Sequential semantic tags: rejecting any proprietary tag AM-L in Table 1 i Where the sequence appears before another proprietary tag, e.g. AM-L 1 Followed by AM-Bas, etc.
Continuation semantic tags: continuation semantic tags may exist only if their base semantic tag is implemented before it, e.g., B-A0 immediately follows I-A0, etc.
TABLE 1 bounding Table of proprietary and common semantic tags
Figure BDA0003669798890000081
Due to the deficiency in the La lattice
Figure BDA0003669798890000082
In five usages of prime, eagle, isomate and hour, the rest of the fictitious words can be replaced randomly in principle
Figure BDA0003669798890000083
And
Figure BDA0003669798890000084
therefore they are collectively called La lattice
Figure BDA0003669798890000085
The La lattice includes two kinds of free and non-free null words, wherein
Figure BDA0003669798890000086
For the non-free virtual words, the additional word is limited to the postaddition word of the previous syllable,
Figure BDA0003669798890000091
and
Figure BDA0003669798890000092
the addition is not limited by the previous syllable for free null words.
According to the semantic function, the interpolation rule and different usages of the La lattice virtual words, the usage of the La lattice virtual words can be divided into five types of sentence patterns of table operation lattices, eggers, isomorphism and time lattices:
business grid sentence: sentences that represent actions that have been or are being performed and actions to be performed at a certain place of implementation [9] . One characteristic of a sentence is that there is an implementation place in the sentence
Figure BDA0003669798890000093
To perform ground movement
Figure BDA0003669798890000094
And La lattice particle
Figure BDA0003669798890000095
Three main semantic components, one of which is absent. Such as "
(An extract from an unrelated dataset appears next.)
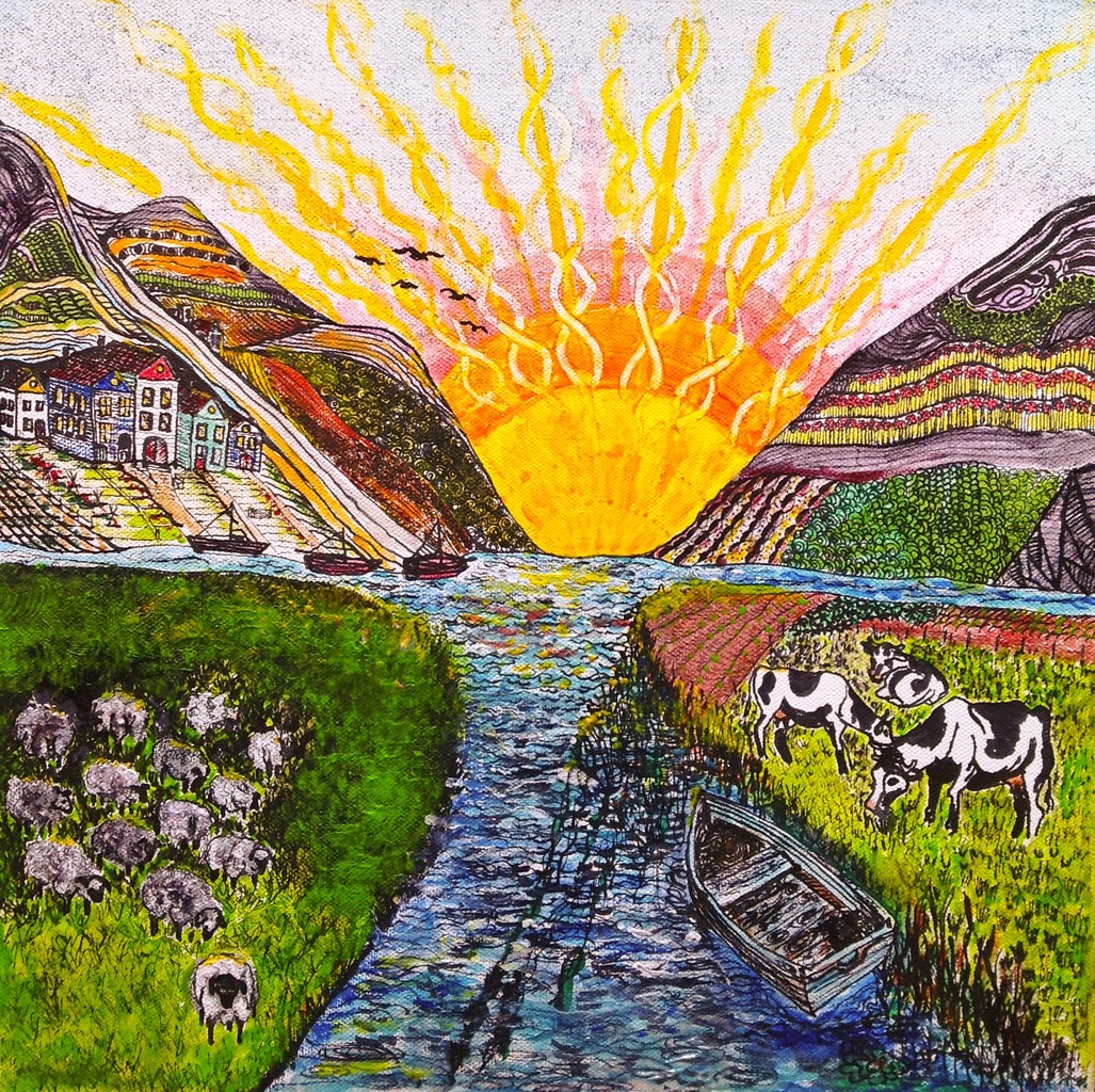 Zon Water Kleurrijk Natuur Koeien Schapen Zentangle

Figure BDA0003669798890000096
Figure BDA0003669798890000097
(in library learning)', the place where the action is performed is "
Figure BDA0003669798890000098
(bookstore) ", the action of implementation is"
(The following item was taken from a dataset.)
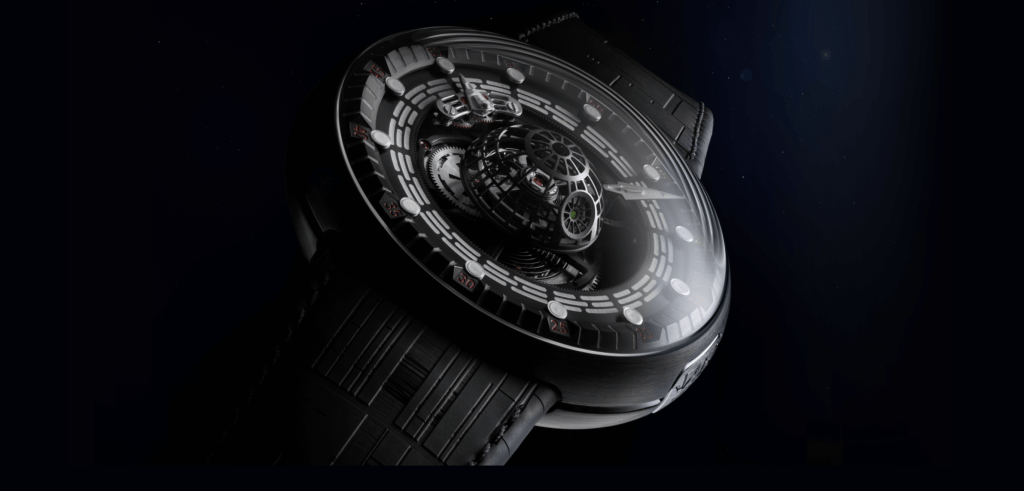 It is composed of a Death Star Tourbillon watch and an authentic kyber crystal movie prop from Rogue One: A Star Wars Story, delivered in an outstanding Imperial kyber crystal container… More here. Thanks to Kirk.

Figure BDA0003669798890000099
(learning)' and La lattice syllabary are
Figure BDA00036697988900000910
If the machine can correctly recognize and distinguish these semantic components, the semantics can be basically correctly understood.
As a lattice sentence: a sentence representing an action to be performed for a certain purpose. One characteristic of a grid sentence is that there is a purpose in the sentence
Figure BDA00036697988900000911
Performing ground-based actions for a certain purpose
Figure BDA00036697988900000912
Figure BDA00036697988900000913
And La lattice particle
Figure BDA00036697988900000914
Three main semantic components, one of which is missing. Such as "
Figure BDA00036697988900000915
(efforts to gain knowledge) ', the purpose is'
Figure BDA00036697988900000916
(to know that"recognition", the action performed to achieve the goal is "
Figure BDA00036697988900000917
(effort) ", la lattice abbreviation is
Figure BDA00036697988900000918
If the machine can correctly recognize and distinguish these semantic components, the semantics can be understood correctly basically.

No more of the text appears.